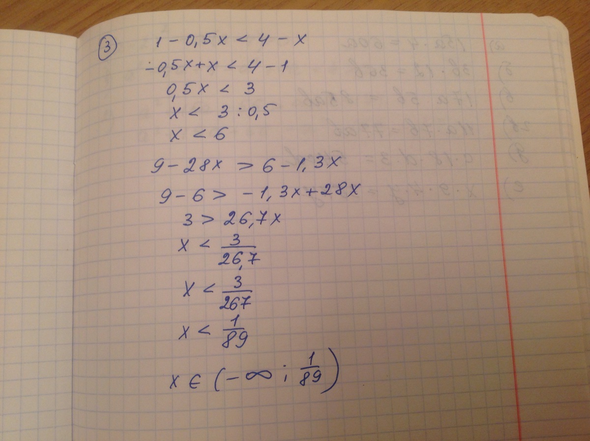 -28x+1,3x>6-9⇒-26,7x>-3⇒x<10/89
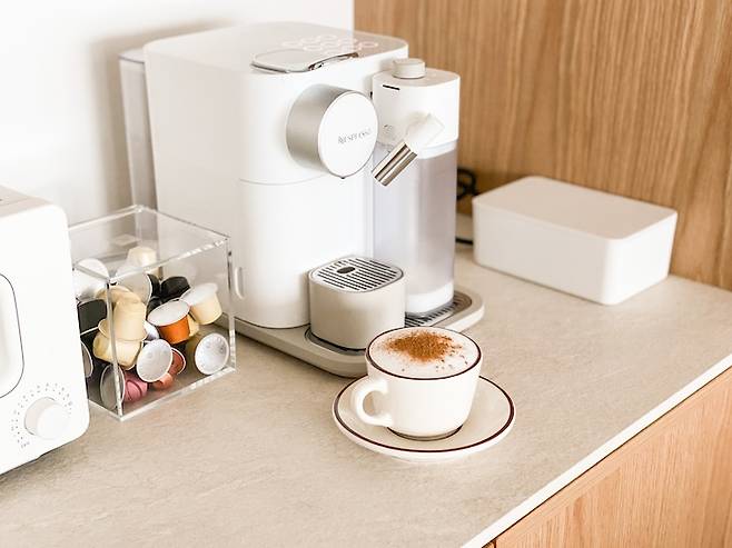 냉장고에서 식재료를 꺼내면 맞은편의 싱크볼 옆으로, 세척과 손질이 끝나면 싱크볼과 쿡탑 사이 조리공간에서 준비하고 인덕션으로, 요리를 마치면 식탁으로 음식이 이동하는 완벽한 동선! 더불어 커피머신과 소형 주방가전을 올려놓을 수 있는 홈 카페 공간도 따로 구성하였어요.
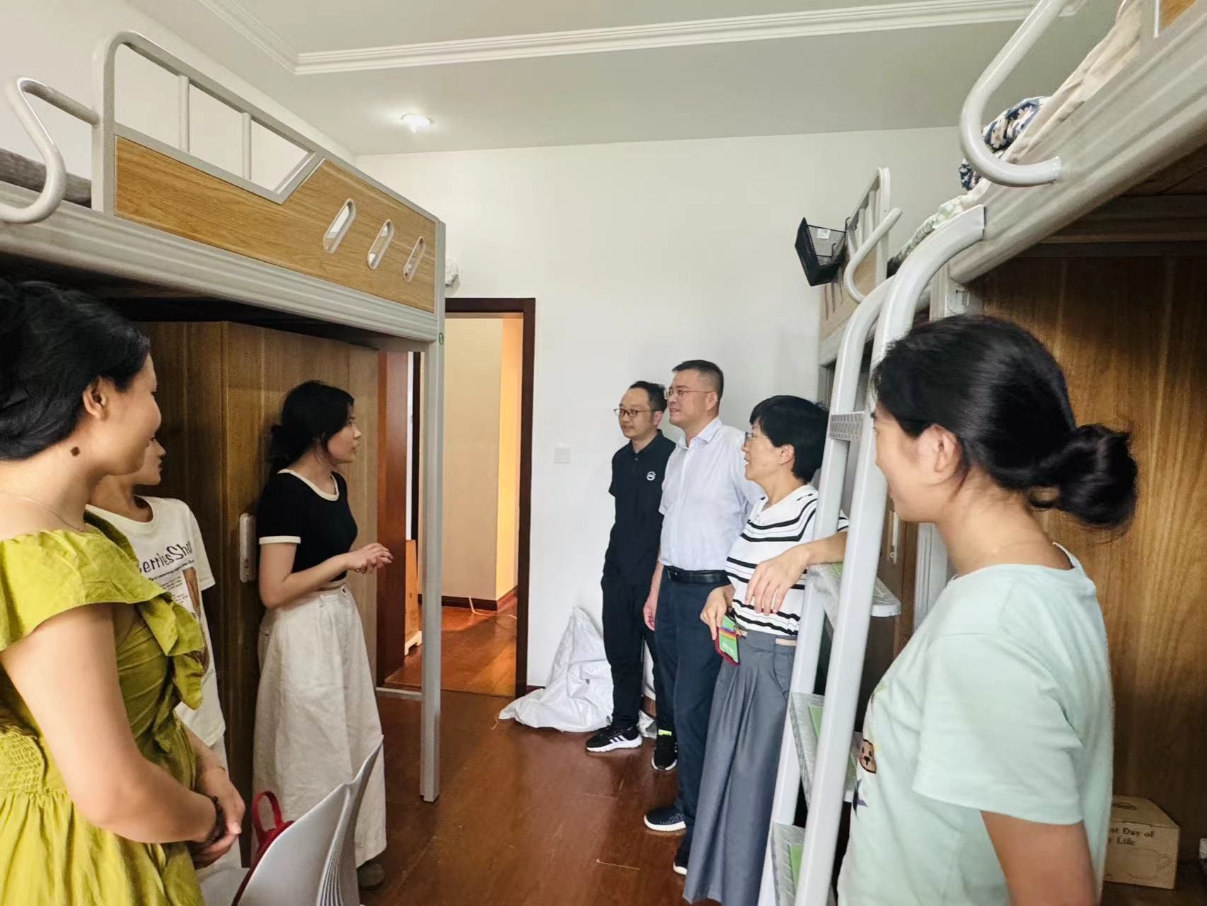 在新生们安顿好行李后,学院领导和老师们来到了员工宿舍,进行走访慰问。他们亲切地与新生们交谈,了解他们的生活情况和需求,为他们送上了温暖的问候和祝福。学院领导鼓励新生们尽快适应新的环境,积极融入到学院这个大家庭中,努力学习,不断进步。
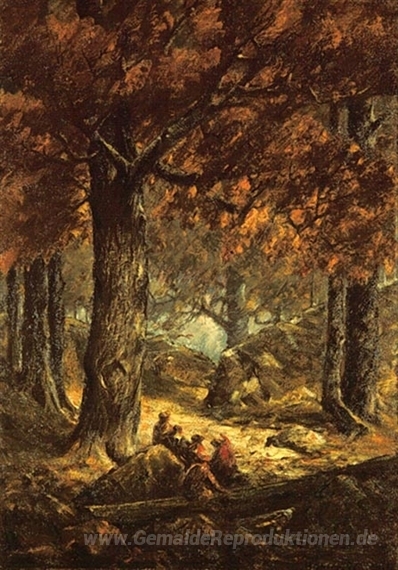 Wir bieten Ihnen eine handgefertigte Reproduktion auf Leinwand des berühmten Kunstwerks 'Nuss-Sammler im Wald' von Homer Watson, aus dem Reproduktionsmuseum.
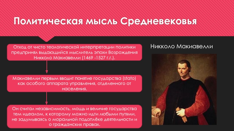 Макиавелли первым вводит понятие государства (stato) как особого аппарата управления, отделенного от населения.

_ _ _ _

[WORK REQUEST] The response should contain every record above exactly as written, and none of the pictures.

[RESPONSE TO THIS EXERCISE]
 -28x+1,3x>6-9⇒-26,7x>-3⇒x<10/89
 냉장고에서 식재료를 꺼내면 맞은편의 싱크볼 옆으로, 세척과 손질이 끝나면 싱크볼과 쿡탑 사이 조리공간에서 준비하고 인덕션으로, 요리를 마치면 식탁으로 음식이 이동하는 완벽한 동선! 더불어 커피머신과 소형 주방가전을 올려놓을 수 있는 홈 카페 공간도 따로 구성하였어요.
 在新生们安顿好行李后,学院领导和老师们来到了员工宿舍,进行走访慰问。他们亲切地与新生们交谈,了解他们的生活情况和需求,为他们送上了温暖的问候和祝福。学院领导鼓励新生们尽快适应新的环境,积极融入到学院这个大家庭中,努力学习,不断进步。
 Wir bieten Ihnen eine handgefertigte Reproduktion auf Leinwand des berühmten Kunstwerks 'Nuss-Sammler im Wald' von Homer Watson, aus dem Reproduktionsmuseum.
 Макиавелли первым вводит понятие государства (stato) как особого аппарата управления, отделенного от населения.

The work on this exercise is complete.